*** Material to process Section Begins ***

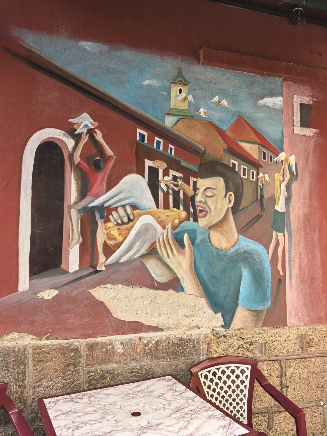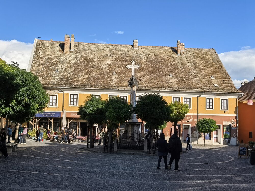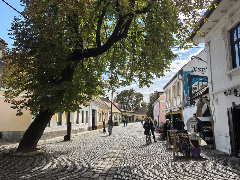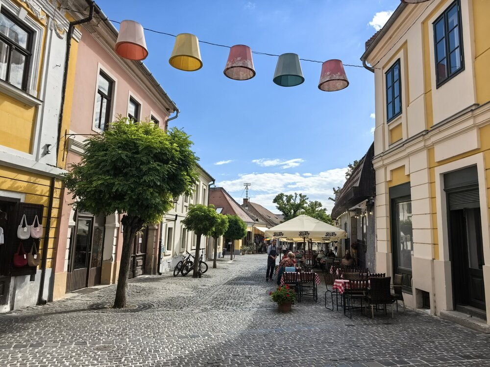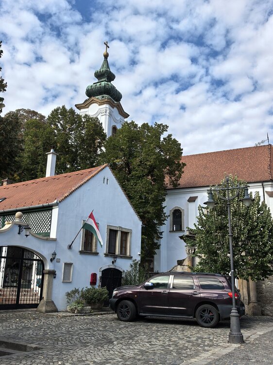 Сегодня утром у нас важное дело - нужно купить билеты до Братиславы. Едем на Западный вокзал или Ньюгати. Тыкаемся в терминал... Хм, нет Братиславы. Нет, инфо процесса покупки не читали. Мы практики, а не теоретики :) Смекнули, что через автомат продаются только билеты на внутренние рейсы. Ну хорошо. Нашли международные кассы. Здание а-ля привет автовокзал в каком-нибудь в воронежском райцентре в 90е годы, да ещё и с огромными решетками на окнах и моё любимое - маленькое окошечко как в кассах банков. И ещё моё любимое - очередь на полчаса и куча бумажек с билетами :) Ну что ж! А вообще сам вокзал с фасада очень красивый, полюбуйтесь. Архитектор тот самый Гюстав Эйфель, даты постройки 1874–1877гг. С чистым сердцем перемещаемся на метро на сторону Буды, не выходя с подземки покупаем билетик до Сентендре (около 2 350 форинтов) и мчимся в ещё один очень красивый и атмосферный городок. Был понедельник, и туристов было немного. Время в пути около 40 минут. Городок устроен так, что от жд вокзала сразу по прямой вы попадаете к его центр. Я была здесь с ттв, и этот путь от жд вокзала мне был в новинку. Этот город очень часто встречался в турах ттв, поэтому не буду здесь дублироваться, я и сама писала ранее о нём. Расскажу о том, что было интересного кроме истории. Почти на главной площади города находится кафешка с очень привлекательной пиццей. Мы шли гуляли, но этот вид счастливых туристов да ещё и с такой пиццей привлек нас как мотыльков на свет. Вообще ни разу не пожалели, что зашли перекусить именно сюда. Очень вкусно. А хозяин заведения, мужчина за 50, каждый раз принося блюдо говорил так Enjooooooooooooy!!! Я не знаю по каким это стандартам венгерского гостеприимства, но звучало это из его уст весьма забавно))) Местные тоже заходили сюда за пиццей на вынос, а школьники пришли поесть после уроков. У католической церкви Святого Иоанна на холме дети пытались разобрать кладку ограждения, строя что-то на свой вкус. И вообще вся площадь перед храмом утонула в детских криках - рядом расположилась школа, и детвора высыпала на перемену. Отсюда самые лучшие виды Прогуляемся понедельничными тихими улочками живописного городка, не зря его выбрали художники как своё пристанище, очень не зря.
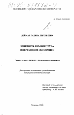 Занятость и рынок труда в переходной экономике тема диссертации по экономике, полный текст автореферата
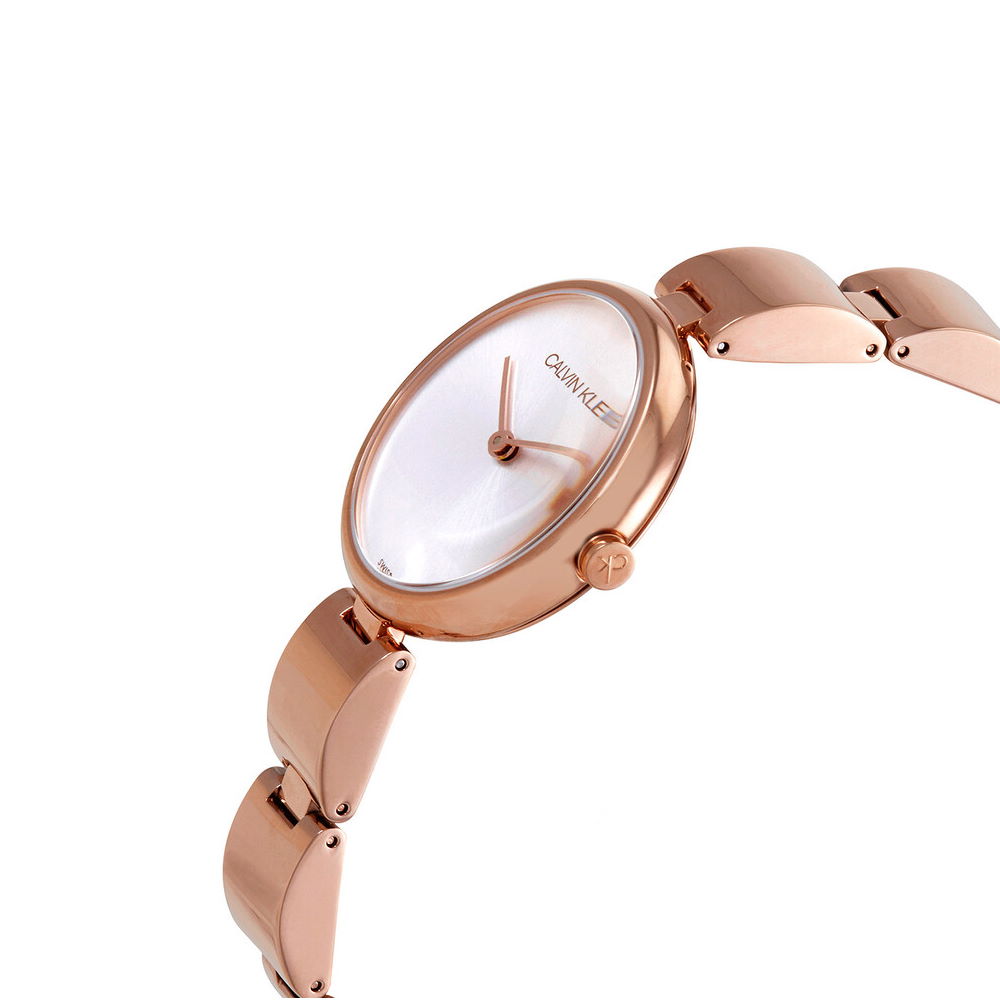 Женские кварцевые часы Calvin Klein коллекция Swing модель K9U23646. Круглый корпус из нержавеющей стали. PVD покрытие цвета розового золота. Аналоговый циферблат серебристого цвета. Тонкие аккуратные стрелки. Швейцарский кварцевый механизм ETA 901.001 использующий элемент питания RENATA 321 (SR616SW). Устойчивое к царапинам минеральное стекло. Заводная головка с защитой. Прочная задняя крышка. Размер корпуса: 32 мм. Толщина корпуса: 8 мм. Ширина ремешка: 11 мм. Стыковочные звенья с застежкой ювелирного типа. Водостойкость 3 АТМ (защита от брызг). Остерегайтесь попадания часов в воду. Функции: часы, минуты. Компания CALVIN KLEIN WATCH + JEWELRY Co. Ltd. занимает ведущую позицию среди эксклюзивных представителей швейцарского часового искусства в сегменте модной индустрии. Маркировка SWISS MADE, расположенная внизу циферблата, означает что полный цикл производства изделия располагается в Швейцарии.
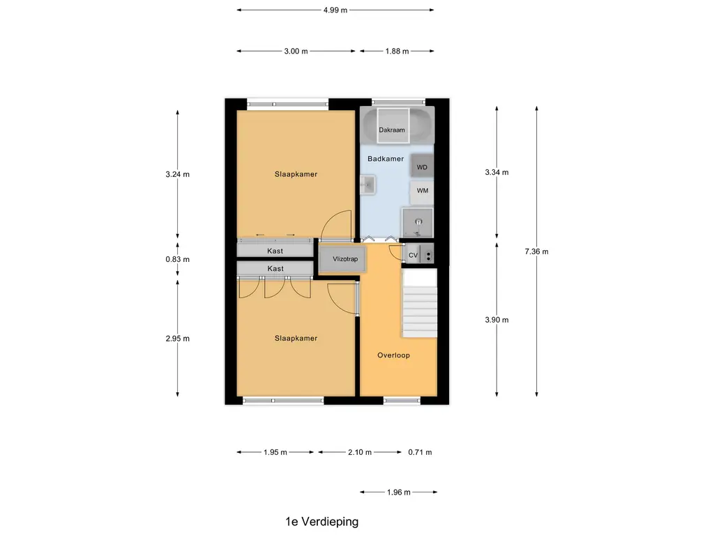 Via de trap in de hal bereikt u de eerste verdieping, waar zich twee slaapkamers en de badkamer bevinden. Boven aan de trap komt u op een overloop met ruimte voor een kleine kast. Dankzij het aanwezige raam valt hier prettig daglicht binnen, wat zorgt voor een lichte en aangename uitstraling.
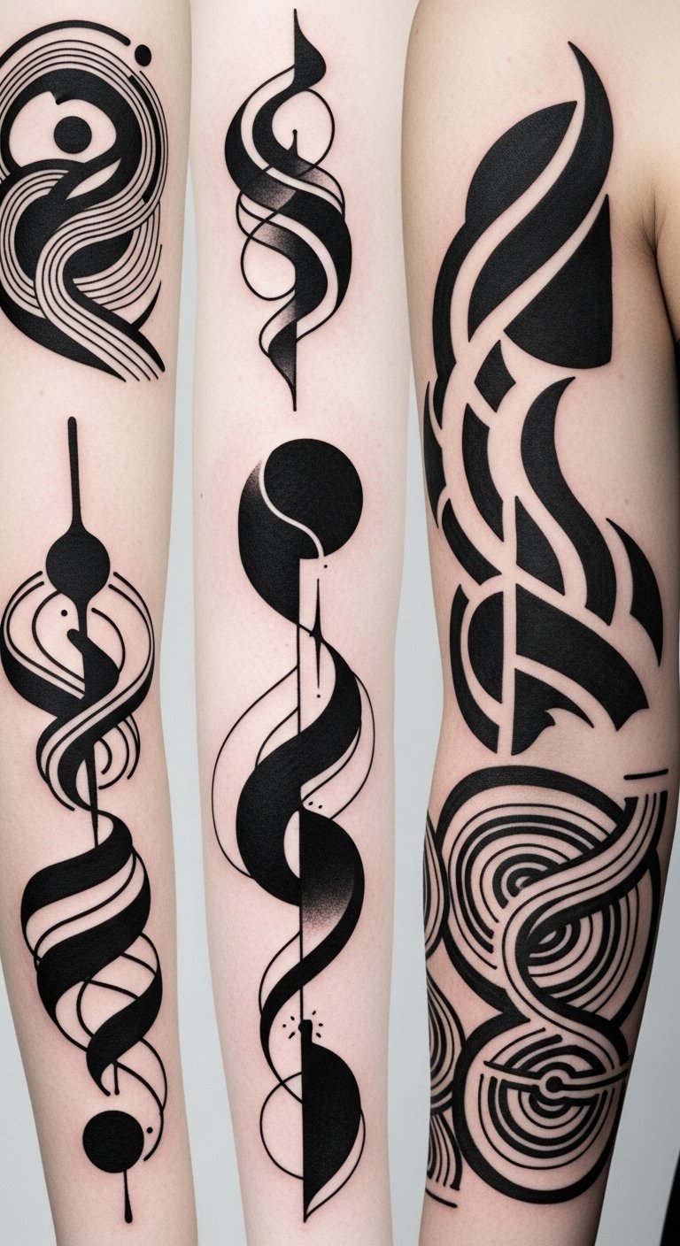 Best placed as a full sleeve moving with muscle contours, the design uses curved lines to flatter arm anatomy, with heavier ink on outer arm and lighter, airy negative areas on the inner arm to balance visibility and intimacy.
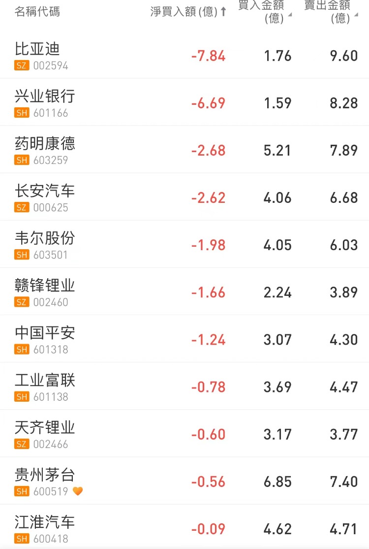 北向资金净卖出47.53亿元,比亚迪、兴业银行、药明康德分别遭净卖出7.84亿元、6.69亿元、2.68亿元;卓胜微逆势获净买入3.02亿元。

*** Material to process Section Ends ***

Write out the full listing verbatim, excluding its pictures.

 Сегодня утром у нас важное дело - нужно купить билеты до Братиславы. Едем на Западный вокзал или Ньюгати. Тыкаемся в терминал... Хм, нет Братиславы. Нет, инфо процесса покупки не читали. Мы практики, а не теоретики :) Смекнули, что через автомат продаются только билеты на внутренние рейсы. Ну хорошо. Нашли международные кассы. Здание а-ля привет автовокзал в каком-нибудь в воронежском райцентре в 90е годы, да ещё и с огромными решетками на окнах и моё любимое - маленькое окошечко как в кассах банков. И ещё моё любимое - очередь на полчаса и куча бумажек с билетами :) Ну что ж! А вообще сам вокзал с фасада очень красивый, полюбуйтесь. Архитектор тот самый Гюстав Эйфель, даты постройки 1874–1877гг. С чистым сердцем перемещаемся на метро на сторону Буды, не выходя с подземки покупаем билетик до Сентендре (около 2 350 форинтов) и мчимся в ещё один очень красивый и атмосферный городок. Был понедельник, и туристов было немного. Время в пути около 40 минут. Городок устроен так, что от жд вокзала сразу по прямой вы попадаете к его центр. Я была здесь с ттв, и этот путь от жд вокзала мне был в новинку. Этот город очень часто встречался в турах ттв, поэтому не буду здесь дублироваться, я и сама писала ранее о нём. Расскажу о том, что было интересного кроме истории. Почти на главной площади города находится кафешка с очень привлекательной пиццей. Мы шли гуляли, но этот вид счастливых туристов да ещё и с такой пиццей привлек нас как мотыльков на свет. Вообще ни разу не пожалели, что зашли перекусить именно сюда. Очень вкусно. А хозяин заведения, мужчина за 50, каждый раз принося блюдо говорил так Enjooooooooooooy!!! Я не знаю по каким это стандартам венгерского гостеприимства, но звучало это из его уст весьма забавно))) Местные тоже заходили сюда за пиццей на вынос, а школьники пришли поесть после уроков. У католической церкви Святого Иоанна на холме дети пытались разобрать кладку ограждения, строя что-то на свой вкус. И вообще вся площадь перед храмом утонула в детских криках - рядом расположилась школа, и детвора высыпала на перемену. Отсюда самые лучшие виды Прогуляемся понедельничными тихими улочками живописного городка, не зря его выбрали художники как своё пристанище, очень не зря.
 Занятость и рынок труда в переходной экономике тема диссертации по экономике, полный текст автореферата
 Женские кварцевые часы Calvin Klein коллекция Swing модель K9U23646. Круглый корпус из нержавеющей стали. PVD покрытие цвета розового золота. Аналоговый циферблат серебристого цвета. Тонкие аккуратные стрелки. Швейцарский кварцевый механизм ETA 901.001 использующий элемент питания RENATA 321 (SR616SW). Устойчивое к царапинам минеральное стекло. Заводная головка с защитой. Прочная задняя крышка. Размер корпуса: 32 мм. Толщина корпуса: 8 мм. Ширина ремешка: 11 мм. Стыковочные звенья с застежкой ювелирного типа. Водостойкость 3 АТМ (защита от брызг). Остерегайтесь попадания часов в воду. Функции: часы, минуты. Компания CALVIN KLEIN WATCH + JEWELRY Co. Ltd. занимает ведущую позицию среди эксклюзивных представителей швейцарского часового искусства в сегменте модной индустрии. Маркировка SWISS MADE, расположенная внизу циферблата, означает что полный цикл производства изделия располагается в Швейцарии.
 Via de trap in de hal bereikt u de eerste verdieping, waar zich twee slaapkamers en de badkamer bevinden. Boven aan de trap komt u op een overloop met ruimte voor een kleine kast. Dankzij het aanwezige raam valt hier prettig daglicht binnen, wat zorgt voor een lichte en aangename uitstraling.
 Best placed as a full sleeve moving with muscle contours, the design uses curved lines to flatter arm anatomy, with heavier ink on outer arm and lighter, airy negative areas on the inner arm to balance visibility and intimacy.
 北向资金净卖出47.53亿元,比亚迪、兴业银行、药明康德分别遭净卖出7.84亿元、6.69亿元、2.68亿元;卓胜微逆势获净买入3.02亿元。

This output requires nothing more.